Succession & The Post

The Post depicts the story of The Washington Post journalists and their attempts to publish classified documents known as the Pentagon Papers, regarding the 30-year involvement of the United States government in the Vietnam War.

Eugene Meyer, a successful investor and speculator purchased the newspaper in a bankruptcy auction in 1933. The post was the fifth newspaper in a five-newspaper town, had a circulation of 50,000 and it was losing a million dollars a year. Eugene reinvigorated the paper before appointing his son in law Phillip Graham as publisher in 1946.

Phillip Graham attended Harvard Law School, where he was editor of the Harvard Law Review and earned a magna cum laude degree in 1939. In 1939–1940 he was law clerk to United States Supreme Court Justice Stanley F. Reed, and the following year he was clerk to Justice Felix Frankfurter, who had been one of his professors at Harvard.

In 1940 Phillip Graham married Eugene Meyer’s daughter Katherine (played by Meryl Streep in the Post). In 1948, Eugene Meyer transferred his actual control of the Post Company stock to his daughter and her husband. Katharine Graham received 30 per cent as a gift. Phil received 70 per cent of the stock, his purchase financed by his father-in-law.

During their marriage Katherine handled all domestic matters, whilst paying all the families living expenses from her own trust fund so Philip could pay back the debt he incurred buying even more Post stock.

Philip was by all accounts an astute businessman who broadened the company’s holdings with the purchase of radio and television stations as well as the news magazine Newsweek. The Grahams cultivated a social network that included Presidents and leading political figures in Washington DC. A heavy drinker  Phillip suffered a severe manic episode in the late 1950’s.  Following this episode he suffered bouts of depression that punctuated his often-brilliant abilities.

In 1962 Phillip began an extramarital relationship with a Newsweek Journalist.
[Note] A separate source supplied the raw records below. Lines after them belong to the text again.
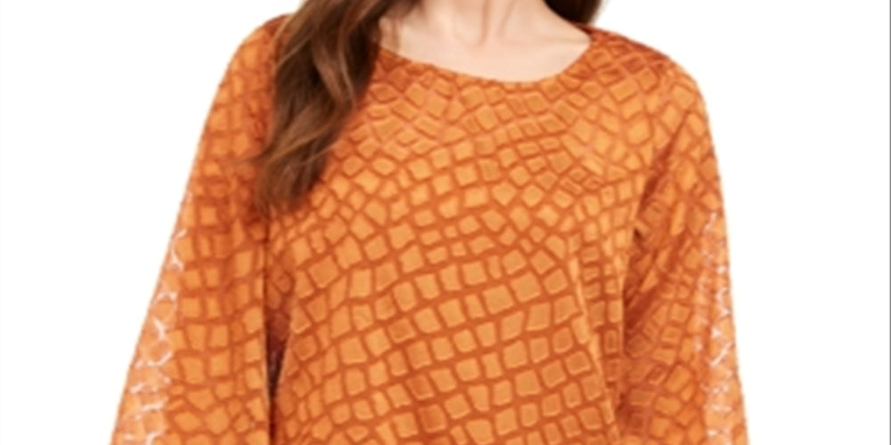 Alfani Women's Snakeskin Print Bubble Blouse Brown Size Petite Small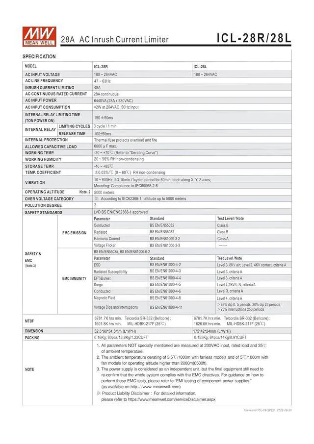 48A inrush limiting current, 28A continuous
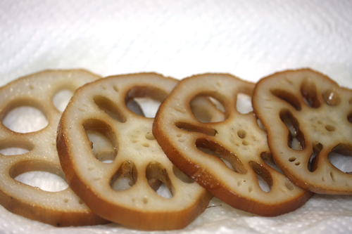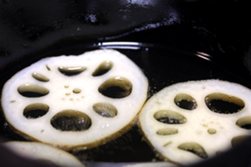 そのまま食べてもいいのですが、個人的には、1週間くらい風乾燥をさせ、脱水をさせたレンコンを、揚げるのがおススメ。カリカリでスモーキー!スナック感覚で食べれて、つまみに最高です。

In 1963, at a newspaper publishing convention it was reported that he appeared on stage at a dinner inebriated, manic or both. His doctor was flown in by private jet; Philip was sedated, bound in a straitjacket, and flown back to Washington; Where he was committed for five days to a psychiatric hospital.

Phillip announced to his friends that he planned to divorce his wife and immediately remarry his mistress, and indicated that he wanted to purchase sole control of the Post Company.

Phillip told people that he planned to cut Kay out of the Post and hand it over to his mistress. He changed his will to leave a third of his estate to his mistress and the remainder to his children. Then he changed it again cutting the children’s share to one third and increasing the mistress’s to two thirds. His lawyer realised that Philip was not of “sound mind” and completed file notes stating that Philip was mentally ill, when he was preparing the Will.

In June, in a fit of depression, Philip broke off his affair and returned home. He was admitted to a psychiatric hospital and formally diagnosed with manic depression (bipolar disorder). On August 3, 1963, Philip appeared according to Katherine to be “quite noticeably much better”; he was allowed to leave the hospital for a weekend at the families farmhouse where he committed suicide with a shotgun.

Katharine Graham’s lawyer challenged the legality of Philip’s last will, written in 1963.  The judge admitted Philip’s 1957 Will to probate, which left 55% of the voting control in the Washington post company to Katherine.

In June 1971, The New York Times started publishing the Pentagon Papers. After a few days, a federal judge imposed a temporary restraining order, on the Times

The Washington Post editors were eager to get their own copy of the Pentagon Papers. However the Washington Post Company was preparing to list on the stock exchange, raising legitimate concerns that the company could face harsh retribution from federal regulators if it published the Pentagon Papers while The New York Times was restrained from doing so.

The Post obtained its own copy of the Pentagon Papers the editorial staff and reporters urged Katherine to publish the papers, but the lawyers concerned that the company including its newspapers, magazines, and radio and television stations was at stake advised a more cautious approach. In her Autobiography Katherine recalled that after deliberating the risks of publication

“Frightened and tense, I took a big gulp and said, ‘Go ahead, go ahead, go ahead. Let’s go. Let’s publish.”

The United States Supreme Court, in a decision now considered a major triumph for freedom of the press voted 6 to 3 in June 1971 against restraining publication of the Pentagon Papers on the ground of endangering national security.

This may not have happened if Philips Will of 1963 was admitted to probate.